A turning point in my writing life was an epiphany I had at a
writing workshop nearly fifteen years ago.
Sometime during that week, I started to think of writing as my work and that I should treat it with the
same respect and commitment I gave to my work as a public health
consultant. I recognized that I’m most
creative in the morning, and since I was self-employed, I had control over my
schedule. I still follow the practice I started then of reserving most weekday
mornings (anywhere from one to four hours) for writing—I schedule those hours on my
calendar just like any other commitment.
Coffee cup in hand, I climb the stairs to my office, the former
bedroom of my now-adult son. I typically begin with some kind of centering
activity: a time of silence, reading
something (often poetry) I admire, and a free write.

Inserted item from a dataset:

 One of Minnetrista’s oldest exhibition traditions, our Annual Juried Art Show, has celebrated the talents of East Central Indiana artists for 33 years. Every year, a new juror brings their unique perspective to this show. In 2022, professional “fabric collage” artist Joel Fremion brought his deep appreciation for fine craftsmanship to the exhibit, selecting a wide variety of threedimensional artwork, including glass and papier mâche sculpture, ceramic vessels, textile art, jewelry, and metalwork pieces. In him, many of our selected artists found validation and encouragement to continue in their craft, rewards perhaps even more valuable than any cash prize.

Then I shift to the work
at hand. Whether it’s writing new work or revising (my reward for having filled
some blank pages), I set my timer for 20 to 30 minutes and write. I’ve turned
off all visual and auditory notifications of anything coming in to e-mail or
social media. If the phone rings, I let the machine answer. When the timer goes
off, I stop where I am, re-set it for 10 to 15 minutes and get up from my desk.

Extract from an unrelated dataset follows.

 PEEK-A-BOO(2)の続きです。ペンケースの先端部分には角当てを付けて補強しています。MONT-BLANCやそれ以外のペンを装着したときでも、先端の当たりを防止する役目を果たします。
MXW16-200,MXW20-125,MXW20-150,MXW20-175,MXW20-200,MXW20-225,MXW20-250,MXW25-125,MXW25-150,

I do some task—hang laundry on the line, clean up breakfast dishes, brush the
dog—that allows me to keep thinking about what I’m writing. I DON’T check
e-mail or phone messages. When the timer goes off again, I re-set it for
another half hour and return to what I was working on. Depending on the day of the week and whether
I’m heading off to my day job as a school nurse, I’ll repeat this cycle several
times. I ’m lucky to be able to spend so many hours pursuing this craft.
Next week the Writing Process Blog Tour continues to branch out
with two more writers I admire.
Chels Knorr is
a writer first and an editor second. She's the editor of two monthly
health-care publications (which on most days, basically just means she's a professional
e-mail writer). She’s plannning to graduate with her MFA at the
Northwest Institute of Literary Arts on Whidbey Island in Washington State
in August 2014. She loves waffles, a competitive game of Scrabble and telling
(mostly true) stories. She lives in Phoenix, Arizona with her husband,
Tyler, and dog, Goose.
A
North Carolina native, Gretchen Wing is a
20-year teacher of high school English and history who now works as a baker in Washington’s
San Juan Islands, and writes. She earned her BA in English from Harvard and her
Masters in U.S. and Latin American History from the University of Washington.
Her stories have been published in SHARK REEF, and she writes the
monthly column, "Spotlight on Lopezians," for The Islands' Weekly.
Her middle grades novel, The Flying Burgowski, was published early
this year by Madrona Branch Press, and she is hard at work on the sequel.